On Fri, 8 Mar 2019 at 15:40, Alexandru Lazarev <alexandru(dot)lazarev(at)gmail(dot)com>
wrote:

> I am working on product managing and monitoring Network (NMS-like
> products).
>
> Product manages configuration of network devices, for now each device has
> stored its configuration in simple table - this was the original design.
>
> CREATE TABLE public.configuration(
> id integer NOT NULL,
> config json NOT NULL,
> CONSTRAINT configuration_pkey PRIMARY KEY (id),)
>
> A config looks like:
>
> {
> "_id": 20818132,
> "type": "Modem",
> "data": [{
> "oid": "1.3.6.1.4.1.9999.3.10.2.2.25.4.1.40",
> "instance": "24",
> "value": "null"
> },
> {
> "oid": "1.3.6.1.4.1.9999.3.5.10.1.86",
> "instance": "0",
> "value": "562"
> },
> {
> "oid": "1.3.6.1.4.1.9999.3.5.10.3.92.4.1",
> "instance": "0",
> "value": "0"
> },
> {
> "oid": "1.3.6.1.4.1.9999.3.10.2.2.25.4.1.43",
> "instance": "24",
> "value": "vlan24"
> },
> {
> "oid": "1.3.6.1.4.1.9999.3.10.2.2.25.4.1.43",
> "instance": "25",
> "value": "vlan25"
> }
> ]}
>
> And there are many plv8 (java script procedural language extension for
> PostgreSQL) stored procedures working on bulks of such config, reading some
> OIDs, changing them conditionally, removing some of them and adding others,
> especially in use cases like: There are some upper-level META-configuration
> of different level, which during change have to update all their updated
> parameters to all affected leaves configs.

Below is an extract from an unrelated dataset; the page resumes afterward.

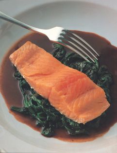 We call the fish ‘coddled’ because, just as a coddled egg is never boiled, and is cooked at a lower temperature than a boiled egg the same technique is used in cooking the salmon to prevent the protein hardening. By cooking the salmon at a low temperature the protein remains soft and when you eat the fish it literally melts in the mouth. Goose or duck fat is available in tins from specialty shops. If it is unavailable, you can substitute a good quality virgin olive oil. Maintaining the fat

An simple test-example (but
> without touching 'data' node)
>
> CREATE OR REPLACE FUNCTION public.process_jsonb_plv8()
> RETURNS void AS$BODY$
> var CFG_TABLE_NAME = "configurations";
> var selPlan = plv8.prepare( "select c.config from " + CFG_TABLE_NAME + " c where c.id = $1", ['int'] );
> var updPlan = plv8.prepare( 'update ' + CFG_TABLE_NAME + ' set config = $1 where id = $2', ['jsonb','int'] );
>
> try {
>
> var ids = plv8.execute('select id from devices');
>
> for (var i = 0; i < ids.length; i++) {
> var db_cfg = selPlan.execute(ids[i].id); //Get current json config from DB
> var cfg = db_cfg[0].config;
> cfg["key0"] = 'plv8_json'; //-add some dummy key
> updPlan.execute(cfg, ids[i].id); //put uopdated JSON config in DB
> plv8.elog(NOTICE, "UPDATED = " + ids[i].id);
>
>
> }} finally {
> selPlan.free();
> updPlan.free();}
> return;$BODY$
> LANGUAGE plv8 VOLATILE
> COST 100;
>
> For real use-cases plv8 SPs are more complicated, doing FOR-LOOP through
> ALL OIDs object of 'data' array, checking if it is looking for and update
> value an/or remove it and/or add newer if necessary.
>
> Since number of devices in DB increased from several hundreds to 40K or
> even 70K, and number of OID+Instance combinations also increased from
> several hundred to ~1K and sometimes up to 10K within a config, we start
> facing slowness in bulk (especially global -> update to ALL Devices)
> updates/searches.
>
> In order to get rid off FOR LOOP step for each configuration I've
> converted data-node from array to object (key-value model), something like
> :
>
> {
> "_id": 20818132,
> "type": "Modem",
> "data": {
> "1.3.6.1.4.1.9999.3.10.2.2.25.4.1.40": {
> "24": "null"
> },
> "1.3.6.1.4.1.9999.3.5.10.1.86": {
> "0": "562"
> },
> "1.3.6.1.4.1.9999.3.5.10.3.92.4.1": {
> "0": "0"
> },
> "1.3.6.1.4.1.9999.3.10.2.2.25.4.1.43": {
> "24": "vlan24",
> "25": "vlan25"
> }
> }}
>
> Now in order to get a concrete OID (e.g.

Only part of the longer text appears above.